Pemerintah Indonesia Dicecar KPM PBB Terkait Situasi dan Kebijakan Migrasi di Indonesia

0
434
Foto: Delegasi Indonesia ketika dialog dengan Komite Pekerja Migran (KPM) Perserikatan Bangsa Bangsa (PBB) pada tanggal 5 September 2017 di Jenewa (Foto: Kor Saleng

NTTsatu.com – JENEWA – Pemerintah Indonesia telah melakukan dialog dengan Komite Pekerja Migran (KPM) Perserikatan Bangsa Bangsa (PBB) pada tanggal 5 September 2017.

Dari Jenewa, 6 September 2017 Anis Hidayah dan Kor Sakeng melaporkan, dalam putaran sesi pertama dialog selama tiga jam, Pemerintah Indonesia yang diwakili Abdul Wahab Bangkona , Staf Ahli bidang hubungan Internasional Menteri Ketenagakerjaan RI menyampaikan highlight dari laporan pemerintah yang telah di submit kepada Komite.  Menanggapi laporan inisial pemerintah Indonesia, Komite memberikan respon untuk menggali, mengkonfirmasi dan memperdalam informasi.

Dalam putaran pertama sesi Tanya jawab, pemerintah Indonesia dicecar dengan 75 pertanyaan dari 7 anggota Komite Pekerja Migran, 1 orang Rappourteur Komite dan Special Rappourteur untuk perlindungan hak-hak pekerja migran.  Komite menyoroti dekegasi pemerintah Indonesia yang sangat besar yakni 23 orang.
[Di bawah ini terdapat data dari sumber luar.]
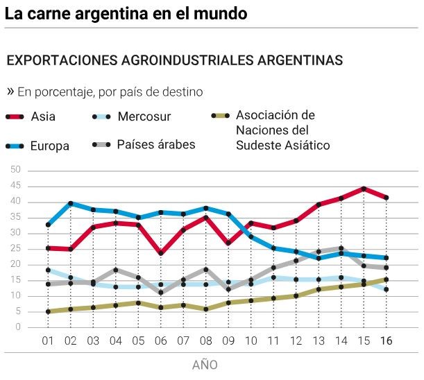Estos cambios globales ya se manifiestan en las exportaciones agroindustriales argentinas, (ver infografía), donde se ve claramente como cambió el destino, crecen Asia y la ASEAN su subcomponente más dinámico, los países árabes y cae fuertemente la Unión Europea, que fue el 50 % hasta los 90 y hoy menos del 25%.
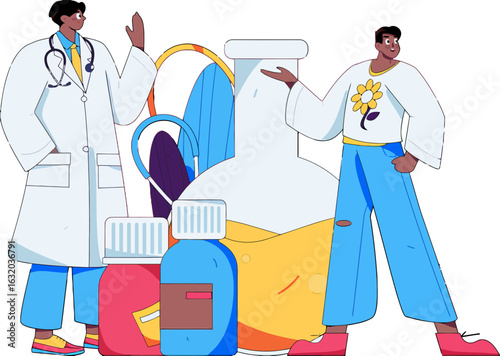 Люди в масках проверяют документы перед вылетом в аэропорту, векторная иконка на изолированном фоне. Концепция правил боя.

Dalam kesempatan yang sama, delegasi dari Mexico 15 orang dan Ecuador 5 orang. Tidak hanya dalam hal jumlah, delegasi pemerintah Indonesia juga disorot dalam hal keterwakilan perempuan yang sangat njomplang, dari 23 delegasi, hanya tiga orang yang perempuan. Hingga menimbulkan pertanyaan dari Komite, apakah di Indonesia tidak ada aturan tentang keterwakilan perempuan?.

Selain mengenai delegasi, hal-hal yang dipertanyakan Komite Pekerja Migran adalah sebagai berikut:

Posisi revisi UU Nomor 39 tahun 2014 yang telah berlangsung lama dan harus disesuaikan dengan konvensi. Apakah telah disesuaikan dengan kovensi dan kapan akan disahkan?

MoU dengan 13 negara tujuan yang dinilai belum sesuai dengan prinsip-prinsip konvensi harus segera direvisi.

Kebijakan dan peran perusahaan pengirim tenaga kerja swasta yang dominan dan banyak melakukan praktek yang merugikan buruh migran dan melanggar HAM asasi manusia. Bagaimana mekanisme monitoring dan penjatuhan sanksinya?

Sementara pemerintah Indonesia hingga saat ini belum meratifikasi Konvensi ILO 181 tentang agency, mengapa ratifikasi belum dilakukan.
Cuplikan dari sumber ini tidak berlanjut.